Gerard also added the USDA rule capping payments for three managers in a farm operation also hurts rice farmers. He said a broader exemption for farm families is needed.
With most of the commodities in the hearing choosing PLC -- the program championed in the House during the last farm bill debate -- Rep. Frank Lucas, R-Okla., stressed to farmers the need to keep choice in farm programs. "It's important that we have that ability to pick what's in our best interests," Lucas said.
Lucas also asked farmers if they were seeing more challenges getting loans for their operations. Robert Rynning, a Minnesota farmer and president of the U.S. Canola Association, talked about his situation. We just had our meeting with our banker and he informed us it's taking them double the time for them to review their notes and to go through it with farmers and explain things," Rynning said, "And some of them are being refused. So, es, it's a critical period right now."
Responding to a question from House Agriculture Committee Chairman Mike Conaway, R-Texas, about the importance of farm programs to maintaining domestic food security, Rynning noted that just three or four years ago,most farmers were ready to give up farm programs altogether.
"The growers themselves have of course seen the light, blaringly, in the last two or three years," Rynning said. "The trouble is getting that across to the general public as to how essential these things are."

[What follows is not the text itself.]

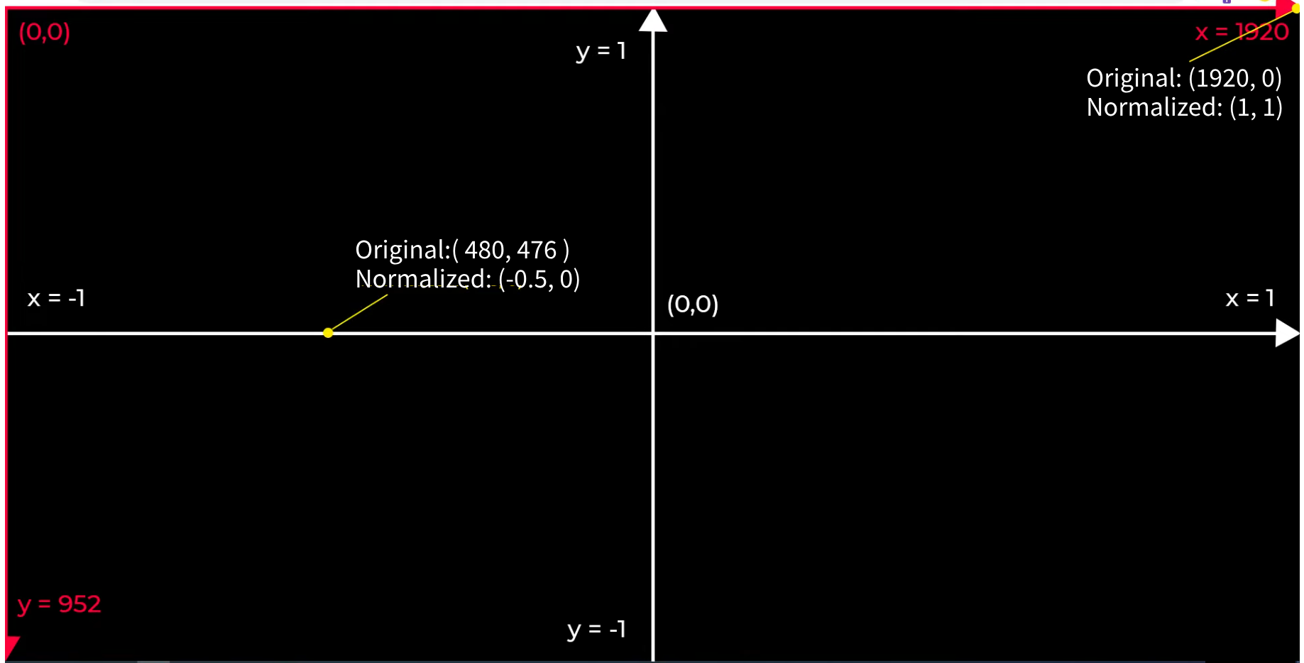 mousePositionY : - ( 476 / 952 ) * 2 + 1 = -0.5 * 2 + 1 = -1 + 1 = 0

While most commodities want improvements to ARC or PLC, the American Sugar Alliance wants to keep its program in place that largely focuses on restricting imported sugar. Jack Roney, director of economics and policy analysis, told congressmen that the world market for sugar remains distorted as countries such as Brazil and India increase domestic subsidies for their sugar growers. Roney warned it would be "economic suicide" if Congress were to open up the U.S. to more imported sugar.
"Countries are getting more aggressively about subsidizing," Roney said.